(2x+5)(x-3)^2(8x+1)^5 answer is at most 8 why

To analyze the expression $(2x+5)(x-3{)}^2(8x+1{)}^5$ and understand why the answer is at most 8, we can look at the asymptotic behavior as well as the individual components of the expression.

1. Identify Degree of Each Factor:

   • The term $(2x+5)$ is linear, so its degree is 1.
   • The term $(x-3{)}^2$ is quadratic, so its degree is 2.
   • The term $(8x+1{)}^5$ is a polynomial of degree 5.

2. Total Degree:

   • Therefore, the total degree of the entire expression is: $$1+2+5=8.$$ This confirms that the expression will behave like a polynomial of degree 8 for large values of $x$.

3. Evaluating Limits:

   • To evaluate the behavior as $x$ approaches infinity, consider the leading terms.

   • As $x\to \mathrm{\infty }$:

     • $2x+5\approx 2x$
     • $(x-3{)}^2\approx x^2$
     • $(8x+1{)}^5\approx (8x{)}^5=8^5{x}^5=32768x^5$

   • Hence: $$(2x+5)(x-3{)}^2(8x+1{)}^5\approx (2x)(x^2)(32768x^5)=65536x^8.$$

   • Thus, as $x$ approaches infinity, the expression grows polynomially without bound.

4. Saturation Condition:

   • However, if we are given that the output is a bounded value, we might have constraints on $x$ leading the resulting polynomial's output to be maximized at a certain finite point not located at $x=\mathrm{\infty }$.
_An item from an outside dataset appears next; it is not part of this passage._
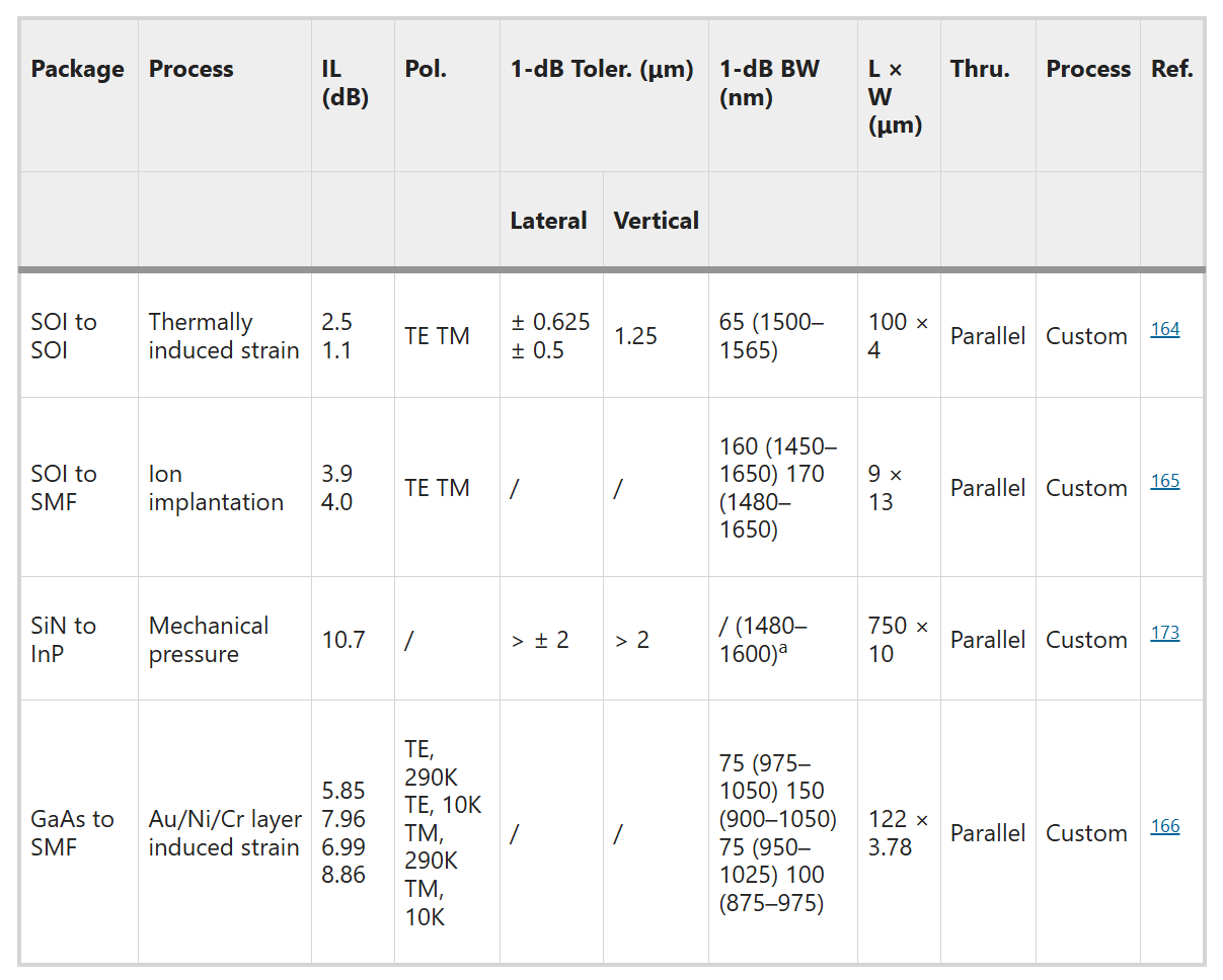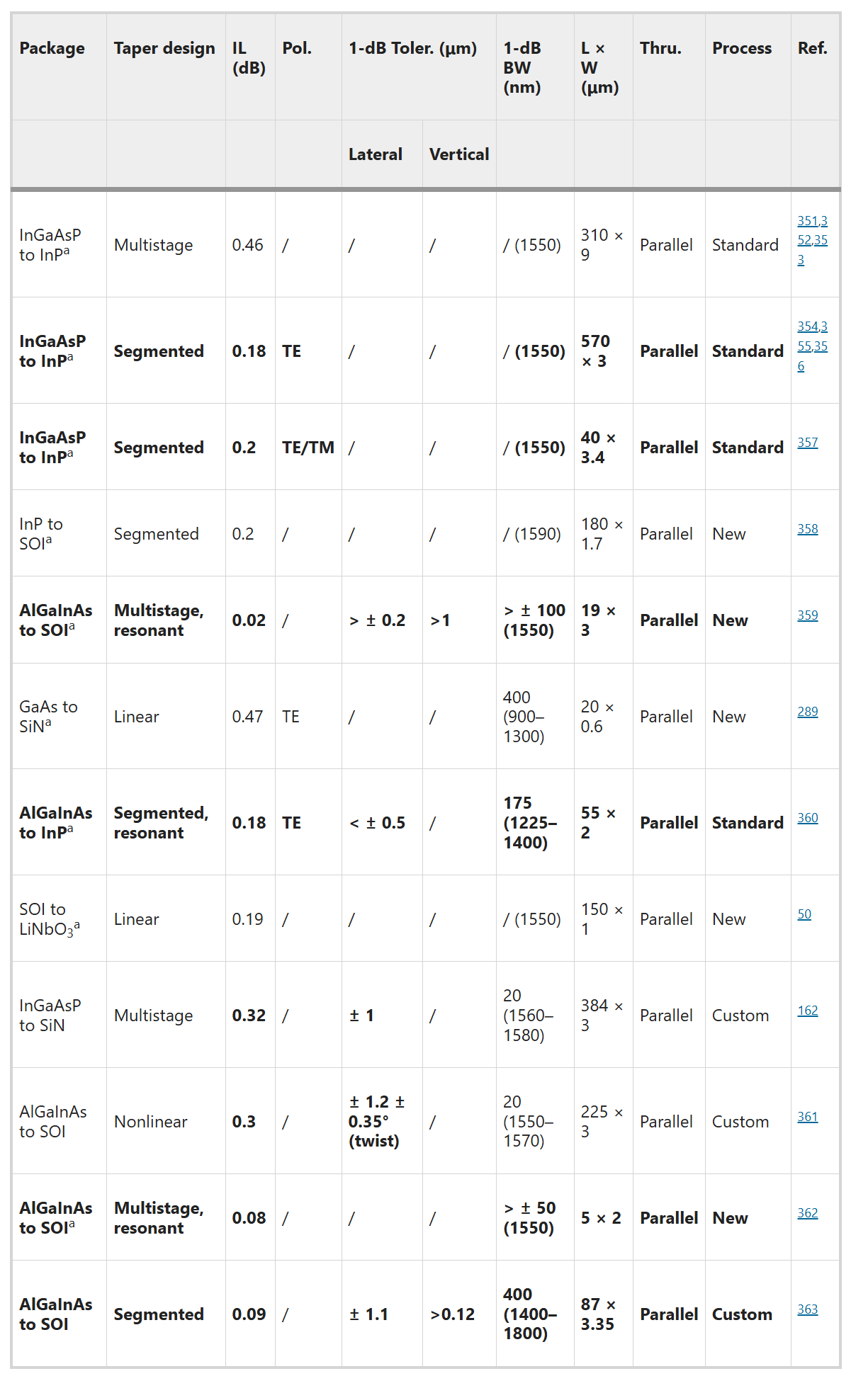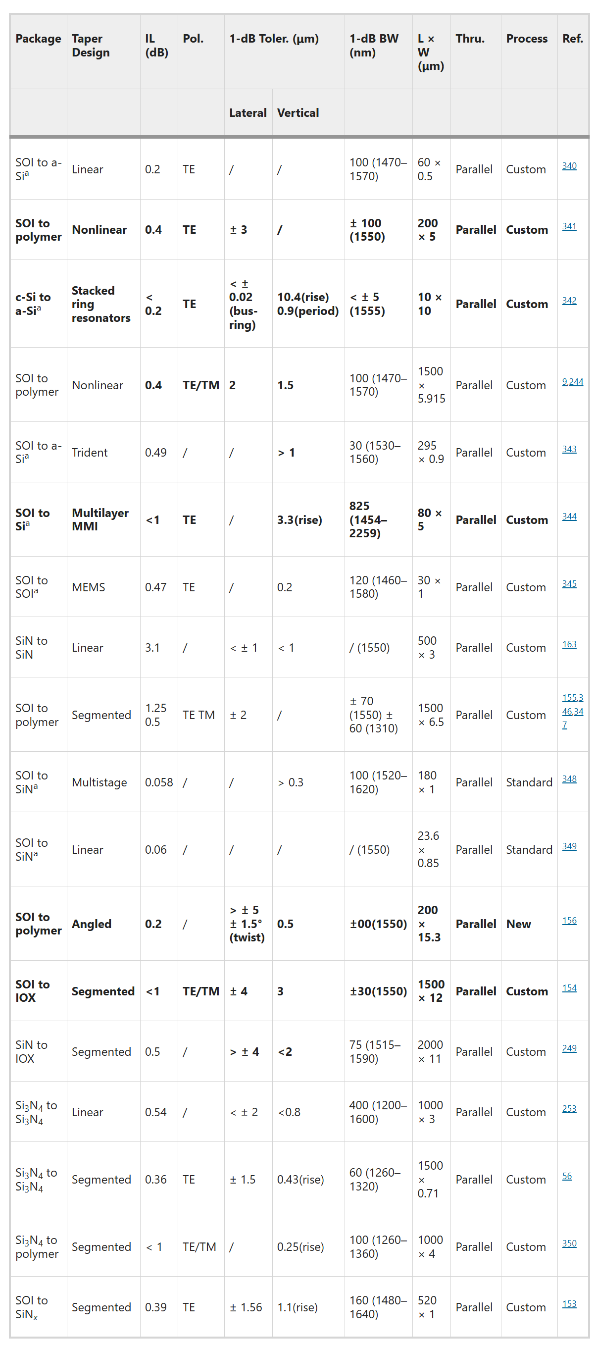 此外,消逝耦合器也被用于III-V到III-V或III-V-到Si-PIC连接,用于SOA、激光器或调制器集成。该领域已有扎实的文献基础描述典型的制造工艺158,159,160,161通常涉及III-V型硅氧烷-双苯并环丁烯(DVS-BCB)晶圆键合至图案化硅,再进行III-V型图案化,或使用DVS-BCB键合对先前图案化器件进行微转印打印。表6比较了使用晶圆键合或微转印印刷器件的不同消逝耦合器设计,其中许多采用与硅消逝耦合器相似的几何形状。垂直对齐公差通常不报告,但DVS-BCB层厚度通常为<100纳米。III-V型器件中更常见的设计是多级耦合器,利用多层叠加信号传输,这种技术在两个波导间折射率差较大或需要克服大垂直间隙时非常有用。例如,参考文献中。162三级耦合器设计用于将InP波导连接到硅3N4其指率差约为1.3–1.5。参考文献中也使用了多级消逝耦合器。163用于耦合输入Si之间的光3N4中间波导和SOI芯片波导,使用硅3N4输入层和输出层之间的波导。这种多级设计可以通过在BEOL中部放置锥形结构作为中间层,来克服厚重的BEOL层。

5. Finding Critical Points:

   • To find the maximum value of the expression over a finite interval, we would typically set the derivative of the expression equal to zero and solve for $x$, or evaluate it at its boundary values to determine local maxima/minima.

6. Behavior Constraints:

   • To accurately state that the answer is at most 8, it could imply:
     1. The expression may have local maximum restrictions.
     2. There may be specific $x$ values (such as roots or turning points) that limit the output to this range.

In conclusion, without specifying the constraints or bounds for $x$, the expression could grow without bound, but if we are given that the answer is at most 8, then either through calculus or constraints imposed, it leads us to a finite maximum.